But when the betrayal came, it was so sudden and unexpected that it caught me completely off guard.”

Tasha was almost afraid to ask. “What happened?”

“Two people dropped suddenly out of our group and vanished. One of them was someone I’d been feeling uneasy about for reasons I couldn’t even explain to myself. The other was the girl in whom I’d confided my story. A few days passed, and I became more and more concerned. And then . . .

“I was supposed to meet John for lunch that day. He was late, which wasn’t unusual, so I waited. It was at a sidewalk café in Boston, one of our favorite spots. I was enjoying the fall day, the cool breeze. Fretting about my missing friends, but kids drop out of college all the time, so I couldn’t assume they hadn’t done just that. And then . . .

“And then Eliot suddenly sat down across the table.”


Bishop leaned back in his chair, staring grimly at the laptop open on the desk before him. “Goddammit,” he said quietly.

Miranda had seen her husband’s computer skills many times, but both the speed and complexity of his work over the last couple of hours had impressed her—and momentarily pushed aside the question of what had disturbed him. “Tell me you didn’t just hack into the DOD,” she said.

He turned his head and looked at her, a faint smile lightening his expression. “The Department of Defense has some of the best and strongest firewalls in the entire
cyberworld. Sensible, given the sort of information they routinely handle.”

“Noah.”

“No, I didn’t just hack into the DOD.” He paused, adding, “I have clearance, actually. But that wasn’t where I was.”

“It looked like it.”

“Supposed to. A number of the psychics I’ve kept in touch with over the years wanted a safe and secure way to contact me if they had to. If they were in trouble, or otherwise needed my help. It would have been easy enough to create a private e-mail account a lot more secure than the average person feels the need for, but . . .”

“You wanted real security.”

Bishop nodded. “So . . . I piggybacked onto the DOD, in a sense. Created a safe and very, very secure area inside those firewalls, undetectable by the DOD’s system, where each of them could leave me messages. None of them could communicate with each other, just me. Individual passwords, codes, all they needed to get through the firewalls and make contact with me without alerting anyone else. And I set it up so that if one of them
did
leave me a message, the program would send an innocent e-mail alert to my FBI account.”

“What sort of alert?”

“A note supposedly from a friend in law enforcement here in the South. Very innocent, nothing to send up flags.”

“Except to you.”

“Yeah. I can’t always be close to the laptop all the time,
of course, but I check that account several times every day, and have the laptop set up to alert me with a tone if that note lands in my inbox even when I’m not online or if it’s the middle of the night.”

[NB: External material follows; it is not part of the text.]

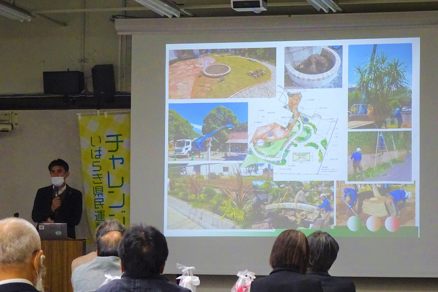 認定証交付式では、今年度応募のあった43の団体・学校から認定された24の団体・学校に対し、チャレンジいばらき県民運動 理事長 阿部真也と公益財団法人 げんでんふれあい茨城財団 専務理事 髙橋鉄夫より認定証を交付するとともに、目録及び花壇に設置する看板を贈呈いたしました。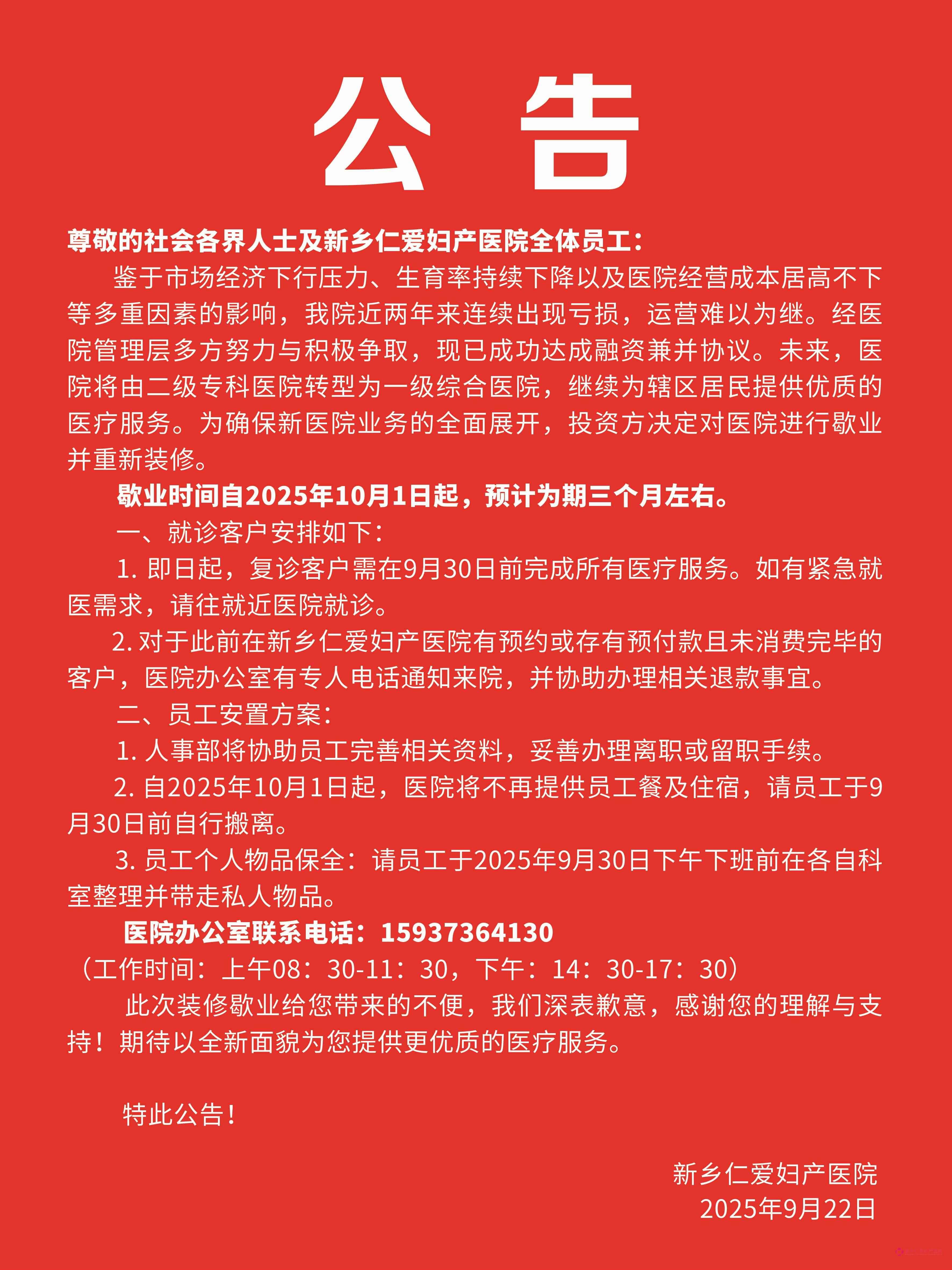 通知丨關于新鄉仁愛婦產醫院歇業的公告

Miranda shook her head. “I thought you just plugged in your laptop in the bedroom every night to recharge it. Even with our connection . . . I had no idea what was really going on. It’s an automatic thing now, isn’t it? Something you don’t think about.”

“I suppose. It’s something I set up a couple of years before I found you again, when I was actively searching for psychics for the unit. And for you.”

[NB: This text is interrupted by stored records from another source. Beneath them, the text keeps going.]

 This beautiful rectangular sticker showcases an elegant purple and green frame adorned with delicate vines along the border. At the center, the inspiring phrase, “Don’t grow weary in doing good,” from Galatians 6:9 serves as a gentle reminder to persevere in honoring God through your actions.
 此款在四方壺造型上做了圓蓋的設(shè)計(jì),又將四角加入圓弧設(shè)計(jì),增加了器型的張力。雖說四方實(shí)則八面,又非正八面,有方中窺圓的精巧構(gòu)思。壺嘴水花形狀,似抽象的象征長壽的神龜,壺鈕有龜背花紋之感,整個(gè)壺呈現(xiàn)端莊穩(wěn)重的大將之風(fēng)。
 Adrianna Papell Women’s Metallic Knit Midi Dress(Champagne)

“I have to say . . . it’s not entirely a bad thing to find out we still have our secrets even with the connection. Is it?”

He eyed her. “Trying to tell me something?”

Miranda smiled. “A little mystery is good for a relationship. That’s all.”

“Uh-huh.” He gazed at her a moment longer, then yanked his mind back to far more deadly mysteries. “Anyway, there’ve been no notes from Katie Swan—or Henry McCord.”

“So his client was right in believing Henry has disappeared too?”

“Looks that way. And if the client has his days straight, Henry must have been taken about a week ago.”

“They do move fast,” Miranda said, sobered. “Henry last week, Katie this week. And there were two other psychics you were concerned about around the end of last year. Two more disappearances.”

“Grace Seymore and Jeffrey Bell, clairvoyant and seer respectively. With Jeffrey, all the evidence pointed to him just up and moving, running away. He’d done it before, and the same thing was happening to him again. He tried to disappear into the woodwork, do his job and live quietly, but somebody got curious, looked into his background—and the whole circus started for him again. He couldn’t escape the desperate people begging him for whatever it was they needed to know.”

“So it looked like he packed up and left.”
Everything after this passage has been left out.